Till death do us part. 
I do not know of any other way of loving my dog. If there is, then maybe I am loving my dog on the wrong way. Hope there are more loving homes for those dogs who need them than people who can not keep this promise.

I have a dear friend I met on this forum, she has 6 dogs. No she is not a breeder, she is just a loving mom to these dogs. And there are many here like her, big failures, but ones with a huge heart, we know them as foster failures. Thank you so much for that. Thank you for fostering and failing to give a dog you fostered away. I know the promise you made to that dog "Till death do us part" will be kept this time. You are so precious to this world.


----------



## gold4me (Mar 12, 2006)

I love your posts!!!!!


----------



## swishywagga (Nov 13, 2012)

gold4me said:


> I love your posts!!!!!


Me too, you're a very special lady x


----------



## Sam Hill (Jan 20, 2012)

We have been foster failures. It has bothered me because so many dogs need just a little time to find the right home for them. We ended up with 7 dogs and 3 cats. We took an 8th we swore we would send off when it was the right time. And me, the big man of the house was heart broken. And I know we couldn't have 8. And I know Gucci went to a great home. But that was my dog. They become mine when they are waiting for me to come in from work on top of the stairs wagging and barking. 
I have such a respect for those that do what I can't. 
Because they were relatively close in age, the real pain came years later when we started to lose them. In one year I think we buried 5 pets. And I'll never become the least little bit callous or accepting of the end of life. 
3 kids and 10 pets in a 1500sq ft home, it was the greatest time of my life.

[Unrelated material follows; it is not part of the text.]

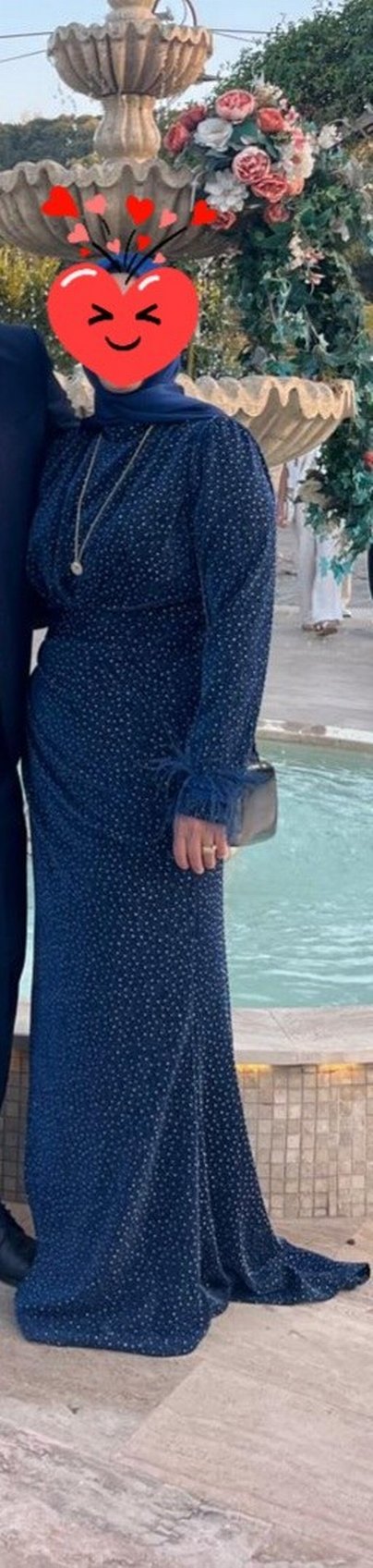 Uzun Kollu Lacivert Kadın Abiye Elbise

I often think how we pulled that off


----------



## Karen519 (Aug 21, 2006)

*Buddy's Mom*



Buddy's mom forever said:


> Till death do us part.
> I do not know of any other way of loving my dog. If there is, then maybe I am loving my dog on the wrong way. Hope there are more loving homes for those dogs who need them than people who can not keep this promise.
> 
> I have a dear friend I met on this forum, she has 6 dogs. No she is not a breeder, she is just a loving mom to these dogs. And there are many here like her, big failures, but ones with a huge heart, we know them as foster failures. Thank you so much for that. Thank you for fostering and failing to give a dog you fostered away. I know the promise you made to that dog "Till death do us part" will be kept this time. You are so precious to this world.

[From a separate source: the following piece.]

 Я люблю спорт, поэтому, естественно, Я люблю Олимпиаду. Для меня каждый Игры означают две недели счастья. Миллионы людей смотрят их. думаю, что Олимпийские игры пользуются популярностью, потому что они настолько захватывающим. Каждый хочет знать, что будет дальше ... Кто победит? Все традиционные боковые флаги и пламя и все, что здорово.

Absolutely agree with you!!!
Sam Hill, you are a very special dog angel!!


----------



## jennretz (Jul 24, 2013)

Sam Hill, I don't think I could foster for that very reason. I become attached very quickly. When I was making the argument for getting Charlie to my husband I said it was because I was way too attached to Duke and it would be good for Duke to not have so much of my focus on him. My husband agreed to bring in Charlie. Boy did I fool myself. My focus/love for Duke is in no way diminished and I now feel the same way about Charlie. They are they same age and I dread the day when I will lose either one of them. I try to stay in the moment, but sometimes it's hard not to get ahead of myself.


----------



## mybuddy (Mar 2, 2007)

Very nice


----------